Ce 8 juin, l’attaque au couteau qui a fait plusieurs blessés graves, pour la plupart des enfants, à Annecy, a été filmée par des passants. Ces images effarantes ont été largement partagées sur les réseaux sociaux, avant d’être promptement supprimées par la plupart des plateformes.
L’immense majorité de la population n’aura soit pas pu, soit pas souhaité les visionner. Il existe pourtant une catégorie de professionnels dont le métier consiste précisément à examiner minutieusement de tels enregistrements et à se plonger dans les récits des victimes et des témoins (et parfois des agresseurs) – au prix, souvent, d’une profonde déstabilisation psychologique.
Ce sont les analystes travaillant dans les secteurs de la police et de la justice.
Viols, meurtres, tortures, incendies criminels, actes de terrorisme… : ces spécialistes sont régulièrement confrontés à la cruauté et à la capacité de destruction de l’humanité.

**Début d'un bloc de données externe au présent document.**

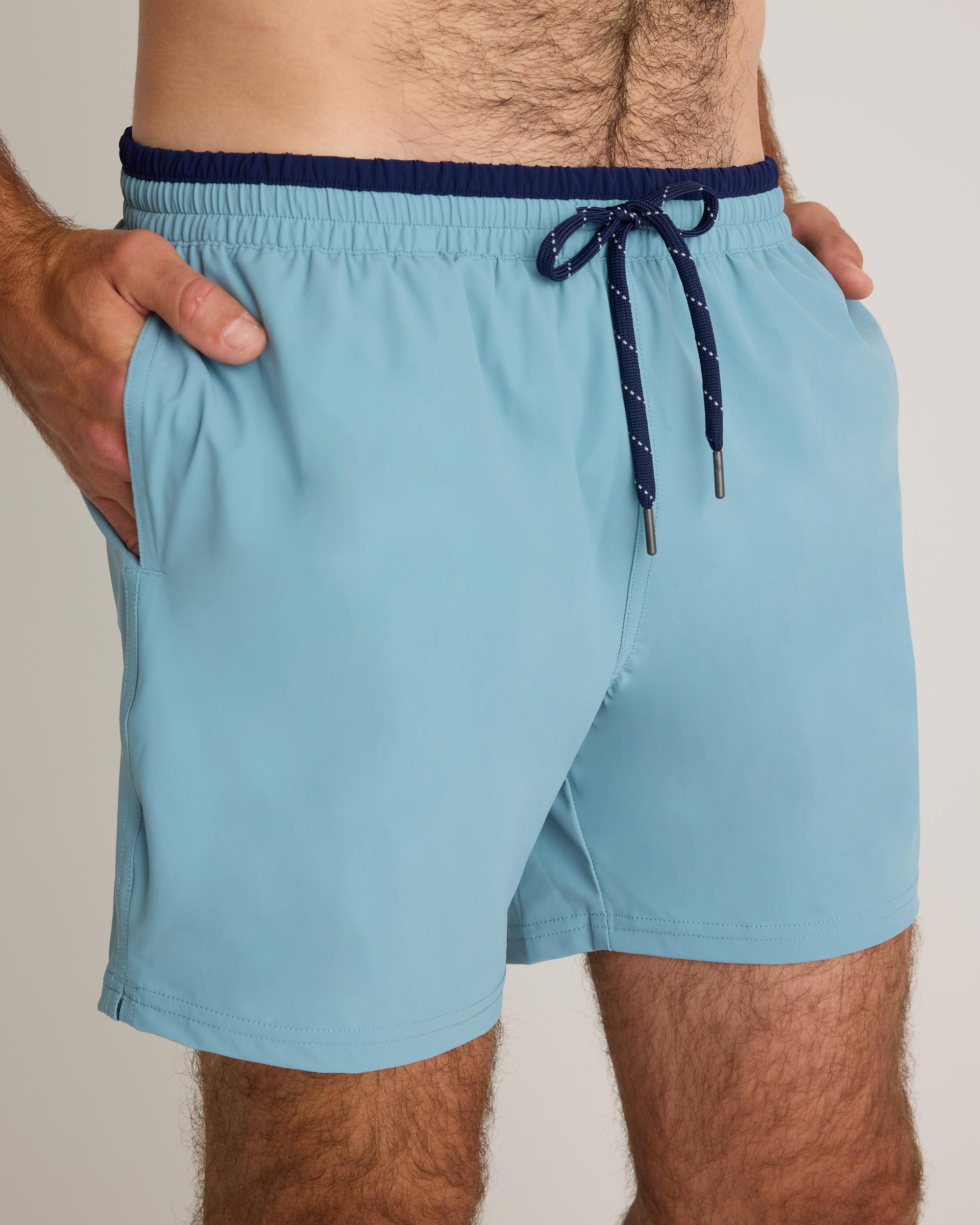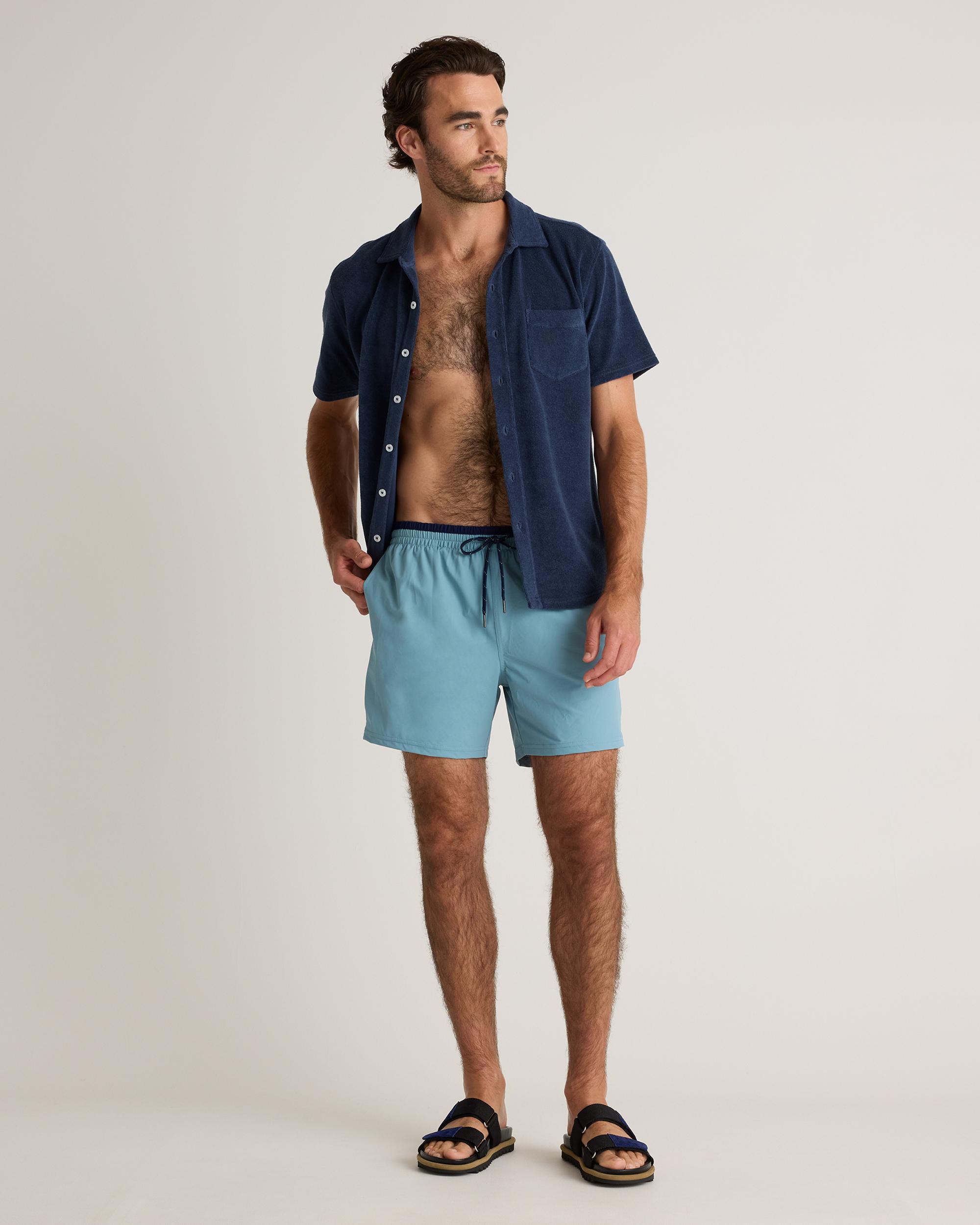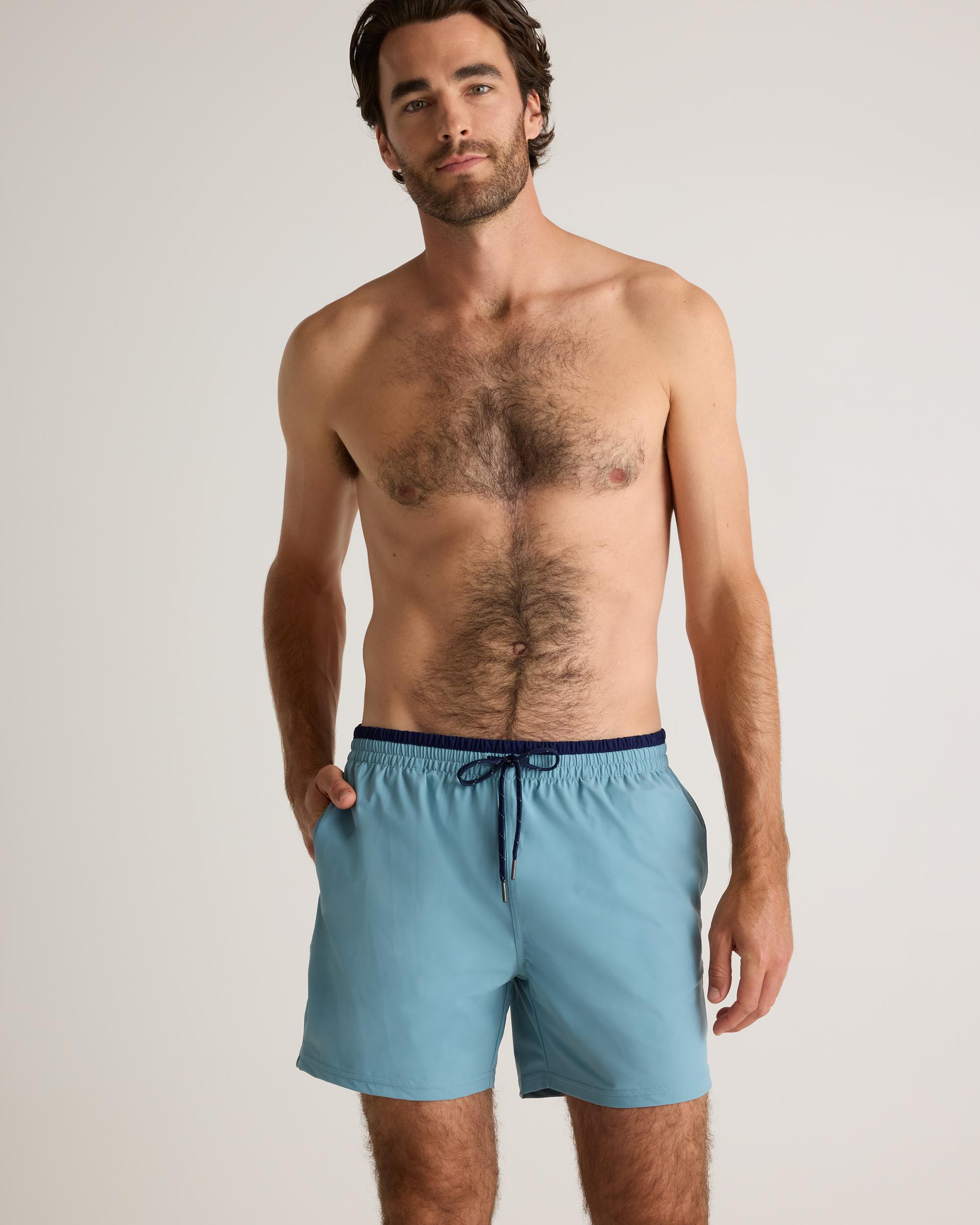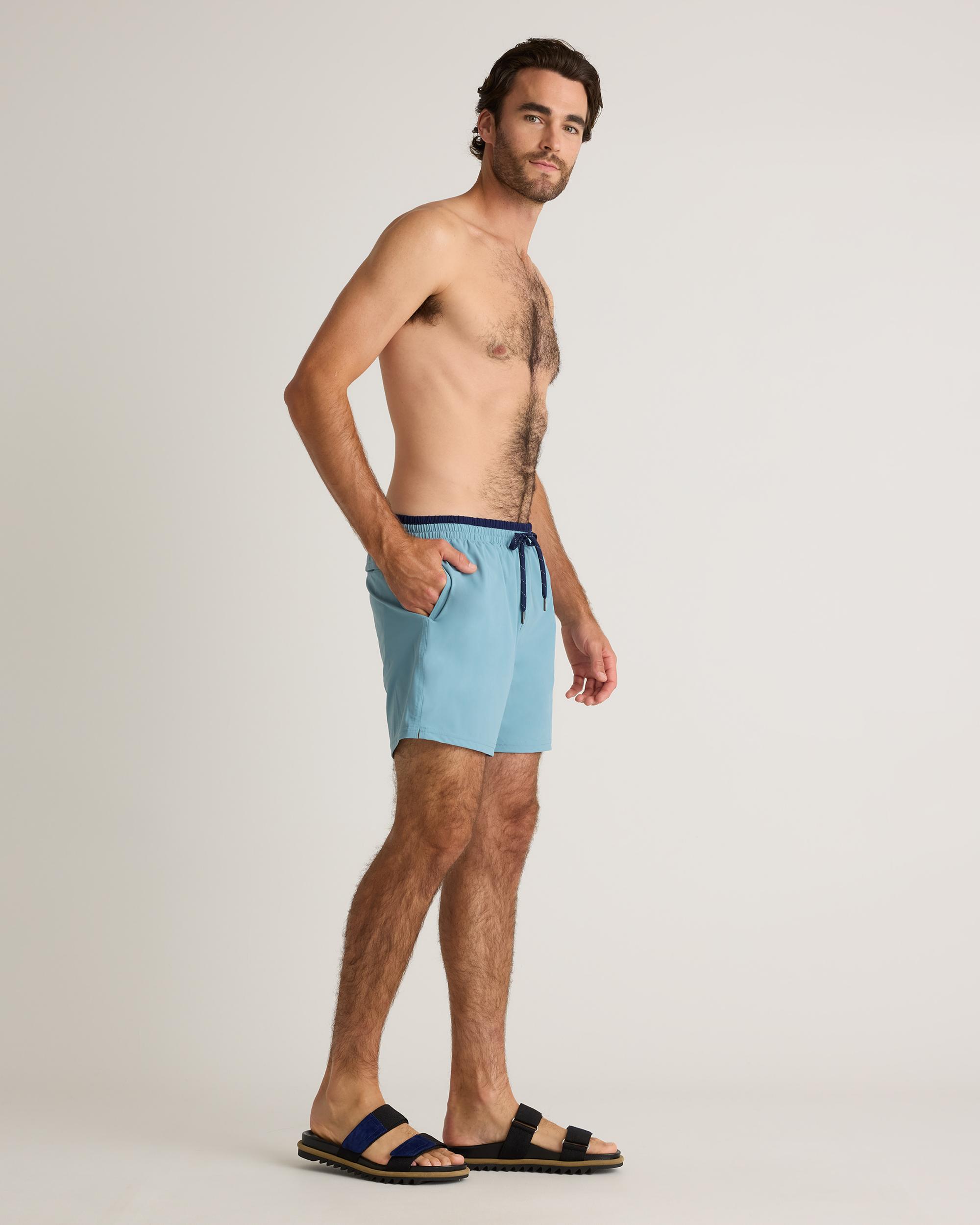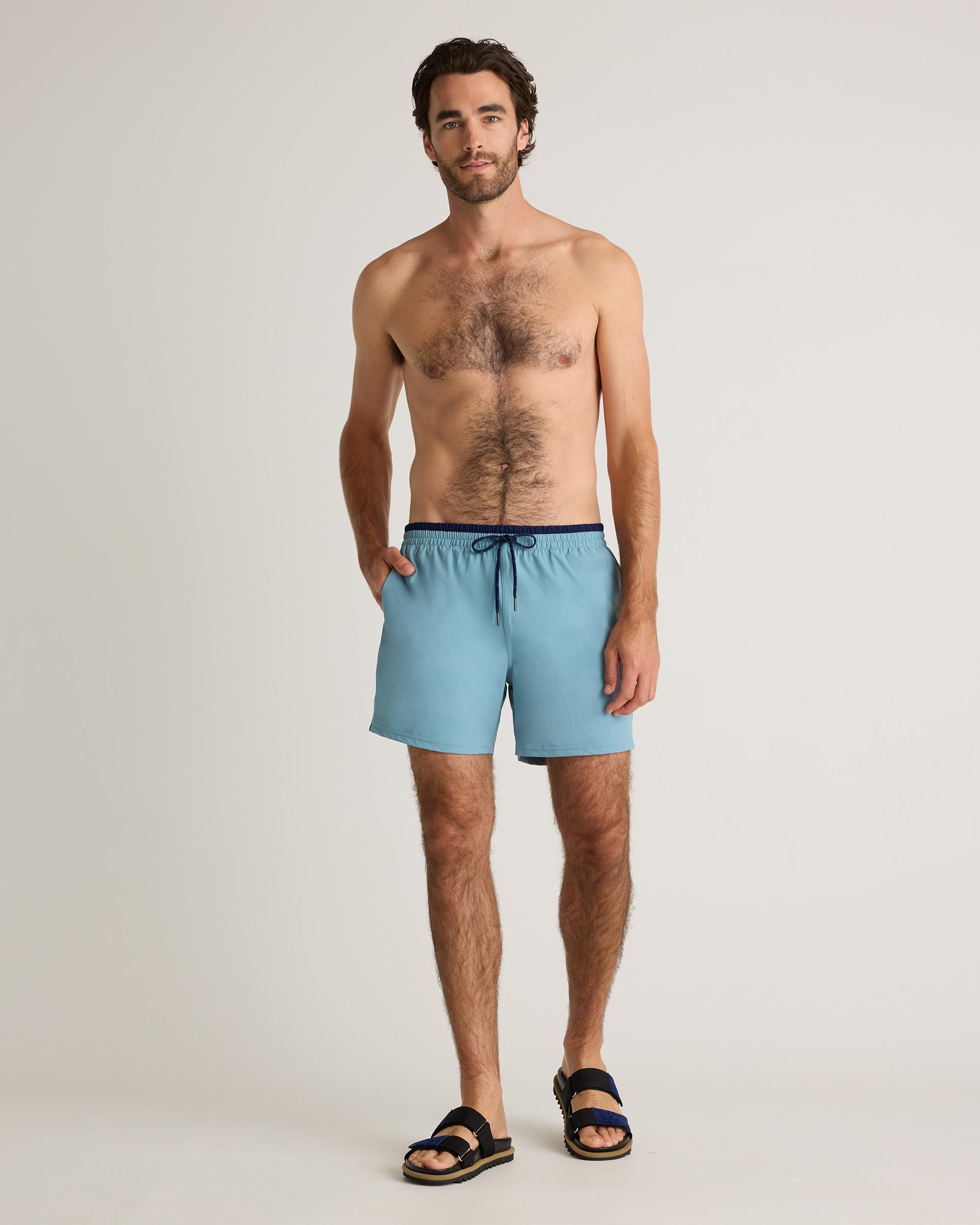 Our Italian Swim Trunk is the ultimate summer essential for the active man. Made from quick-drying, sun screen and oil resistant material, this swim trunk offers UPF50 protection for all-day wear. The Italian fabrication ensures durability, resisting fading, pilling, and snagging for long-lasting use. Whether you're hitting the beach, pool, or backyard BBQ, this brief-lined swim trunk will keep you looking and feeling your best. | Quince | Men's Italian Swim Trunk in Lake Blue/Deep Navy, Size Small, Nylon/Spandex

Les experts qui œuvrent à traduire les criminels en justice en examinant les éléments de preuves des crimes commis sont régulièrement exposés à l’expérience traumatisante que constitue la consultation de témoignages écrits, de séquences vidéo ou d’enregistrements audio. Et il apparaît de plus en plus clairement que les systèmes en place ne parviennent pas à protéger leur santé mentale face au déferlement d’atrocités auxquelles ils doivent faire face.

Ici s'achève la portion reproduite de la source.